In addition to these objections, the lawyers in the Delaware case noted that the $20 million is far lower than the $150 million fine paid by the bank in 2010 to resolve a lawsuit brought by the Securities and Exchange Commission over the Merrill acquisition.


Amid these arguments, Bank of America settled another class-action case in September involving the same allegations about the Merrill purchase. Under that deal, the bank agreed to pay $2.4 billion, dwarfing the amount the Louisiana and Florida plaintiffs had settled for in April.
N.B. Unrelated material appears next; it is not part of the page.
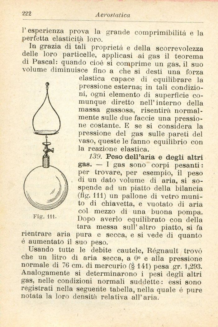 139. Peso dell'aria e degli altri gas. — I gas sono corpi pesanti : per trovare, per esempio, il peso dì un dato volume di aria, si sospende ad un piatto della bilancia (fig. Ili) un pallone di vetro munito di chiavetta, e vuotato di aria col mezzo di una buona pompa.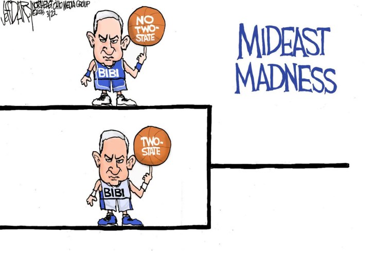 Soon after, there were multiple news reports about the first phone call in weeks between the Israeli prime minister and the US president, where the Israeli leader seemed to backtrack on his claim that he’d never consider a two-state solution for Israel and Palestine before he doubled down again. Translation: He wants U.S. monies while he continues to give the finger to the U.S. president.

The $2.4 billion settlement was brought by lawyers representing public pension funds in Ohio and Texas. That case was also heard by Judge Castel.


Another possible sticking point in the proposed $20 million settlement is how much of the money will go to the lawyers representing the Louisiana and Florida pension funds. Last October, those lawyers asked the court to approve payments of as much as $13 million in legal fees, or 65 percent of the amount proposed under the settlement.


Late Friday, Judge Castel voiced clear reservations on the deal, writing, “The court has not yet been persuaded of the fairness, reasonableness and adequacy of a settlement of the derivative claims against defendant Lewis in exchange for corporate governance reforms of unquantifiable value and $20 million in cash, some, most or all of which may be consumed by plaintiffs’ attorneys’ fees.”


Joseph E. White III, a lawyer at Saxena White who represents the Louisiana and Florida pension funds, did not immediately return a phone call or respond to an e-mail seeking comment on Sunday.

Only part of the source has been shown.